Mercury, Bichloride of.

Symbol, HgCl{2}. Atomic weight, 274.

This salt, also called corrosive sublimate, and sometimes chloride of mercury (the atomic weight of mercury being halved), may be formed by heating mercury in excess of chlorine, or, more economically, by subliming a mixture of persulphate of mercury and chloride of sodium.

Properties.—a very corrosive and poisonous salt, usually sold in semi-transparent, crystalline masses, or in the state of powder. Soluble in 16 parts of cold, and in 3 of hot water; more abundantly so in alcohol, and also in ether. The solubility in water may be increased almost to any extent by the addition of free hydrochloric acid.

The protochloride of mercury is an insoluble white powder, commonly known under the name of calomel.

Milk.

The milk of herbivorous animals contains three principal constituents—fatty matter, caseine, and sugar; in addition to these, small quantities of the chloride of potassium, and of phosphates of lime and magnesia, are present.

The fatty matter is contained in small cells, and forms the greater part of the cream which rises to the surface of the milk on standing. Hence skimmed milk is to be preferred for photographic use.

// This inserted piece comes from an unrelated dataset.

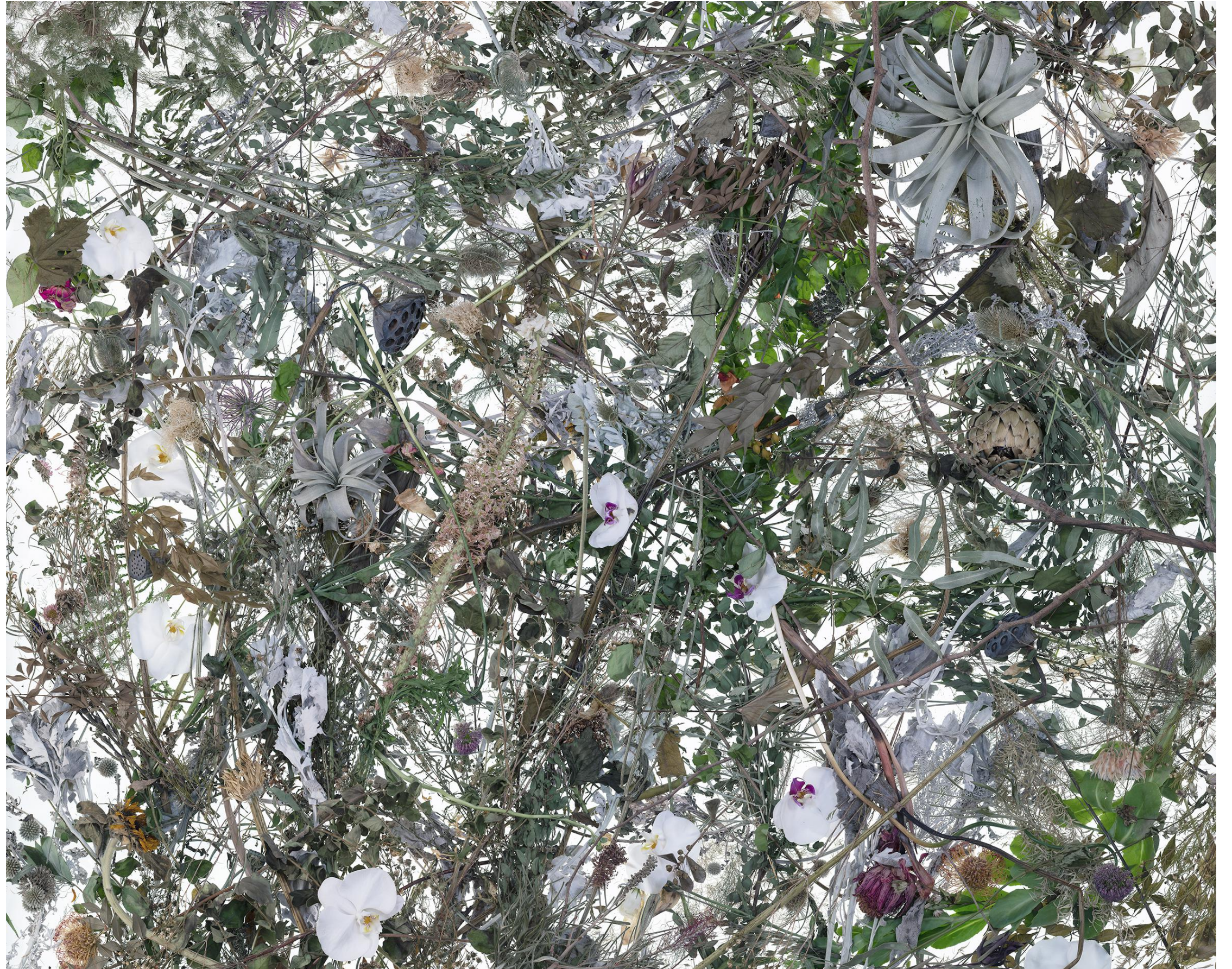
Metempsychosis 2022-2, 2022 Archival pigment print 31 1/2 x 39 3/8 inches (80 x 100 cm) Edition of 5

The second constituent, caseine, is an organic principle somewhat analogous to albumen in composition and properties. Its aqueous solution however does not, like albumen, coagulate on boiling, unless an acid be present, which probably removes a small portion of alkali with which the caseine was previously combined. The substance termed "rennet," which is the dried stomach of the calf, possesses the property of coagulating caseine, but the exact mode of its action is unknown. Sherry wine is also employed to curdle milk; but brandy and other spirituous liquids, when free from acid and astringent matter, have no effect.

In all these cases a proportion of the caseine usually remains in a soluble form in the whey; but when the milk is coagulated by the addition of acids, the quantity so left is very small, and hence the use of the rennet is to be preferred, since the presence of caseine facilitates the reduction of the sensitive silver salts.